* **Task objective**: Without any pictures, print the lines below from the one that has "❶ 此页制作目的,是通过对比3个方案,选出最佳方案B。" through the one that has "Andy Gross ist", exactly and nothing else.

Data excerpts:
______

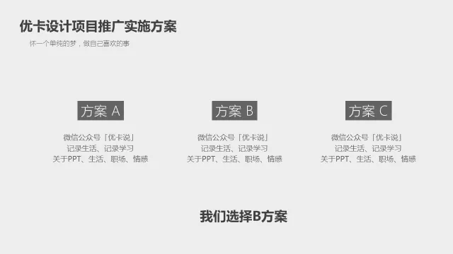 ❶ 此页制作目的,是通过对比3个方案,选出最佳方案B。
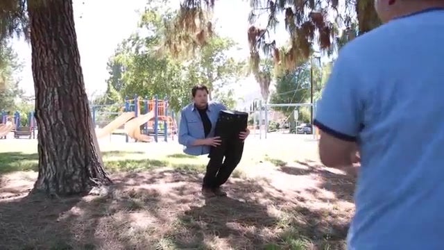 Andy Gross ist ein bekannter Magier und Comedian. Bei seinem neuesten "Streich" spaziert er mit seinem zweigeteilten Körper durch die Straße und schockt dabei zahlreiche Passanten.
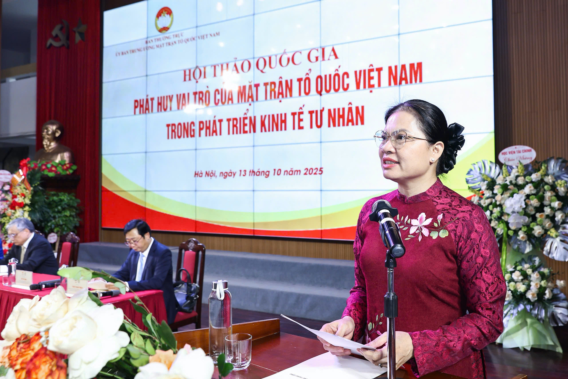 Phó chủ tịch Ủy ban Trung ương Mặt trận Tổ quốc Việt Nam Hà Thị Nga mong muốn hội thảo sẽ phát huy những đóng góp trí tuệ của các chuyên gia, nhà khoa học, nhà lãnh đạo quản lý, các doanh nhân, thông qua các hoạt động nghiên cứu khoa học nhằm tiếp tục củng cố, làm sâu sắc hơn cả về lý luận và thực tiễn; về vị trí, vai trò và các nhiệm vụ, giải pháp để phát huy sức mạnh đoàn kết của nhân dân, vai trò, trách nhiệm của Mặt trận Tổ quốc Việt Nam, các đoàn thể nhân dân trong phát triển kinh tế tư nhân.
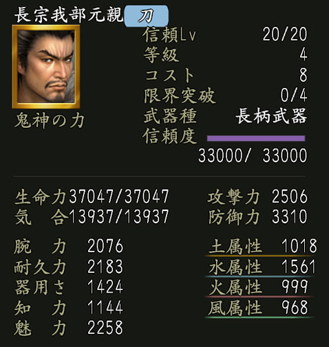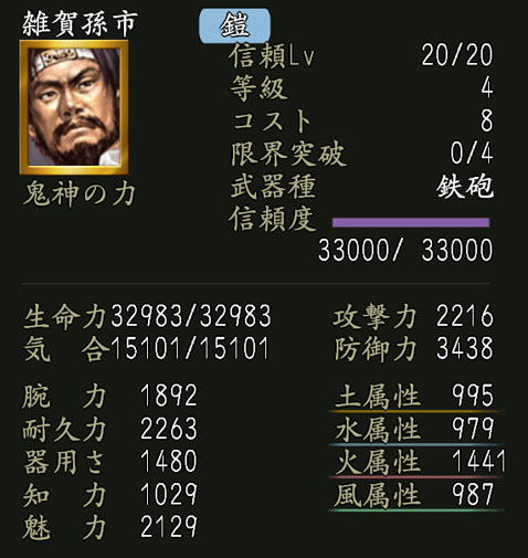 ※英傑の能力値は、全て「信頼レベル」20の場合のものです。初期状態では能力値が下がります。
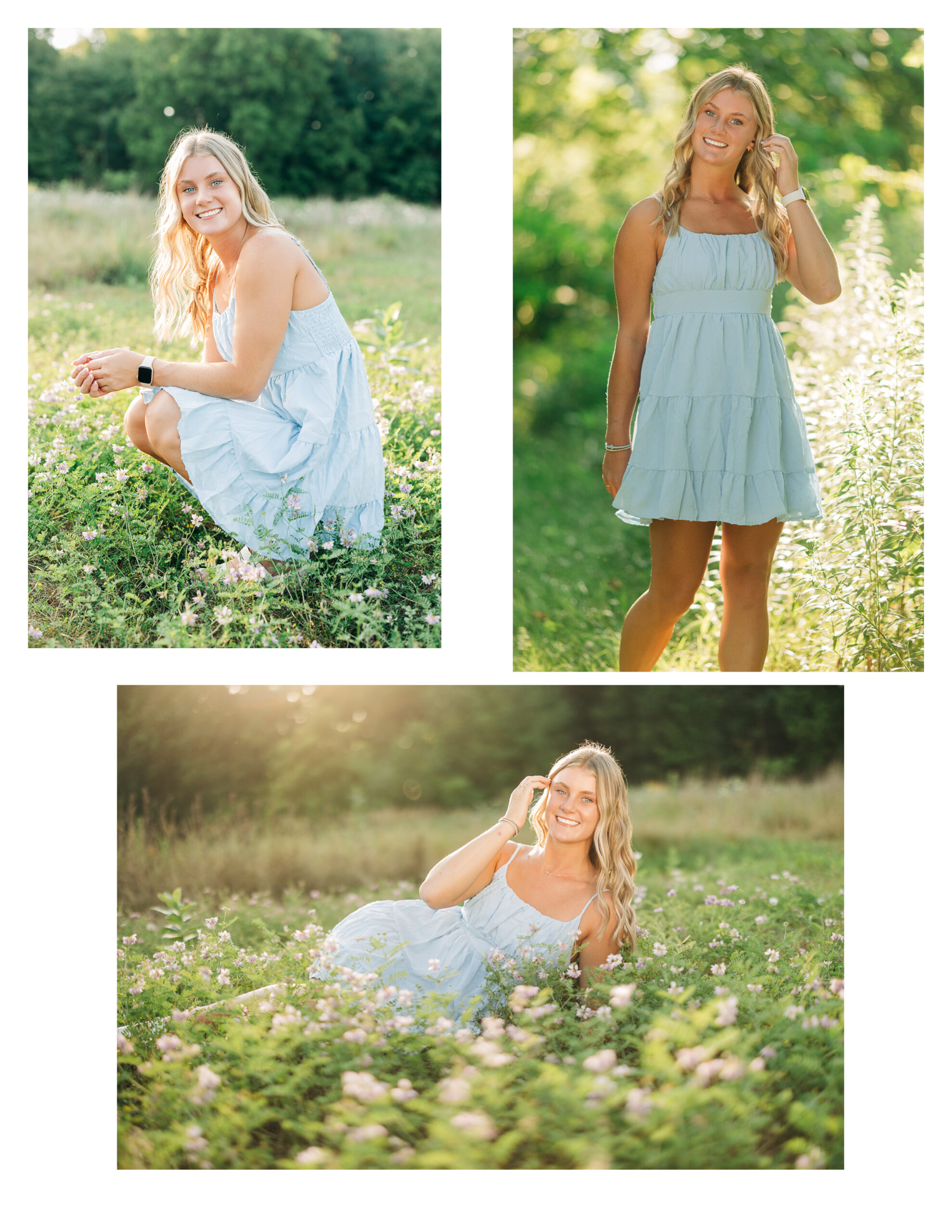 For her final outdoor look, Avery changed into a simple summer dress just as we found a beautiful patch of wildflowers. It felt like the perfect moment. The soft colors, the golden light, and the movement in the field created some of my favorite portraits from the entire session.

______

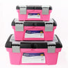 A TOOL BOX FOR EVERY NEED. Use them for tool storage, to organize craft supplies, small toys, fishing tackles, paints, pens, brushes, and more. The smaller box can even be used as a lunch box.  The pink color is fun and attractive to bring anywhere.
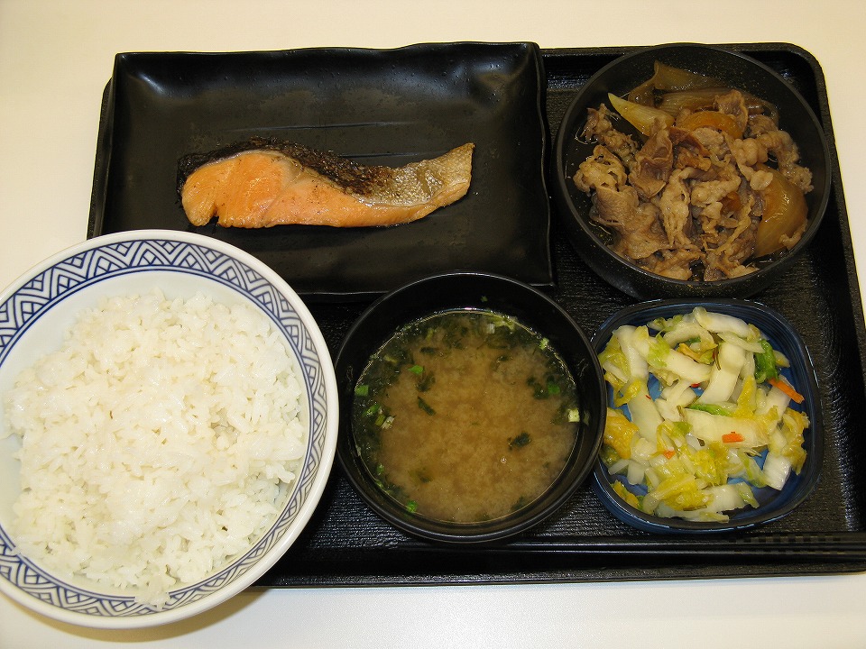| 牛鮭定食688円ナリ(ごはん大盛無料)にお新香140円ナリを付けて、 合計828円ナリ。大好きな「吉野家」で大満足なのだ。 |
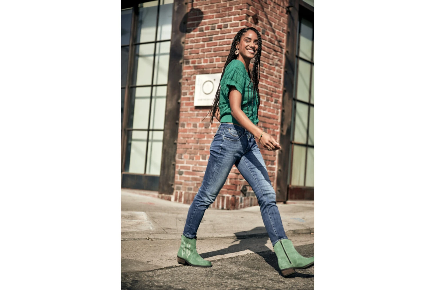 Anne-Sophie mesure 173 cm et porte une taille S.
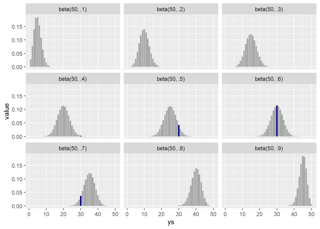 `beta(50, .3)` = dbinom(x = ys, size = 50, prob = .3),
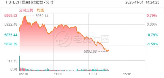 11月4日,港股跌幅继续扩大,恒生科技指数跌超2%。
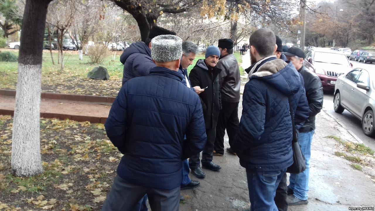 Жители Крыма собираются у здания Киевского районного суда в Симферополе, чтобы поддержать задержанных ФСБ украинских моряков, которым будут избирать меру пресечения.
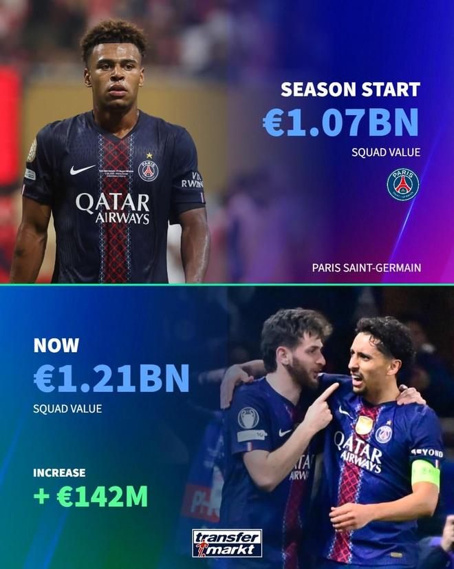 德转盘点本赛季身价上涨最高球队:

______

* **Reply**:
 ❶ 此页制作目的,是通过对比3个方案,选出最佳方案B。
 Andy Gross ist ein bekannter Magier und Comedian. Bei seinem neuesten "Streich" spaziert er mit seinem zweigeteilten Körper durch die Straße und schockt dabei zahlreiche Passanten.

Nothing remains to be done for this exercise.